J. Luna, A. Igualada, A. Espasa, R.M. Mayordomo, M. MartÃnez-Melo, T. Guasch
One of the challenges in online education is ensuring that feedback leads to meaningful learning. While formative feedback is valuable, it often fails its implementation due to the high workload for instructors, which raises concerns about its sustainability. For feedback to be effective, students must internalize it through self-regulation. Self-feedback—comparing one’s own learning with external sources—can support this, but requires explicit instruction. This study examines how different comparison sources foster self-feedback in asynchronous online learning.
We conducted a pilot quasi-experimental study at the Open University of Catalonia (UOC), a fully online institution where formative assessment typically involves a sequence of progressive asynchronous assignments. The study took place in a master’s course on children’s language evaluation for educators. Students completed a case-based task requiring them to design an assessment plan for a multilingual child with potential language difficulties. The study focused on the second of four course assignments, which counted for 35% of the final grade.
A total of 136 students and three teachers participated. First, all students submitted an initial version of the assignment. They then accessed a designated online space to revise and resubmit their work using one of three randomly assigned comparison sources:
(1) a model solution (n = 44),
(2) a rubric (n = 44), or
(3) ChatGPT (n = 45).
Students in the AI condition received example prompts, but were free to use the tool independently. Teachers did blind assessed both versions.
All students followed a guided self-feedback protocol structured around four phases: self-evaluation, comparison, changes implementation, and final reflection. Questions such as “Which elements are missing or underdeveloped?” helped activate reflective thinking. After the reflection process, students resubmitted the task with the new changes. The entire process was time-bound (three hours), and no other sources were allowed, enhancing the robustness of the design.
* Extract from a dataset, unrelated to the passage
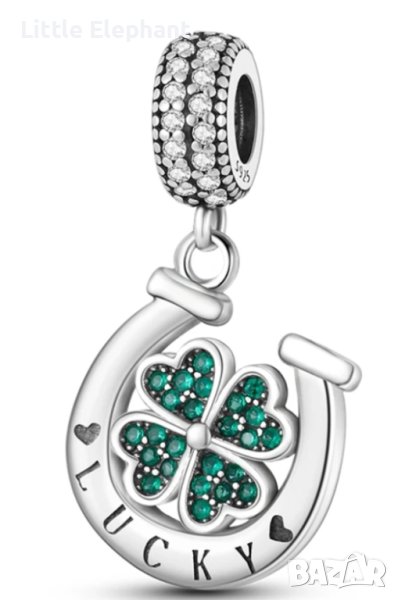 Сребърен висящ елемент подкова и детелина,колекция"Luck"/нов → Обява 40296990

The results showed students’ scores increased from a mean of 25.21 points (SD = 3.92) in the first submission to 27.45 points (SD = 4.09) in the resubmission, indicating overall improvement. Descriptive statistics reveal a gradual increase in mean improvement depending on the comparison tool. The ChatGPT group achieved an average gain of 1.61 points (SD = 1.34), with a maximum individual improvement of 5.2 points. The rubric group improved by 1.91 points on average (SD = 1.53), reaching a maximum gain of 6.4 points. Finally, the model solution group showed the highest mean improvement, with an average gain of 2.24 points (SD = 1.72) and a maximum observed improvement of 7.4 points. These results suggest that all three types of comparison sources supported performance improvement, with the model solution showing the greatest effectiveness in enhancing students’ initial assignment.
These findings underscore the need to guide self-feedback explicitly and show how each comparison source has distinct strengths and limits. They also reveal the strengths and limitations of each comparison source, offering guidance on their use to trigger self-feedback, enhance formative feedback, and support its sustainability in online higher education. This analysis forms part of a wider study that will add qualitative data and a larger sample.
Keywords: Feedback, online, self-feedback, higher education.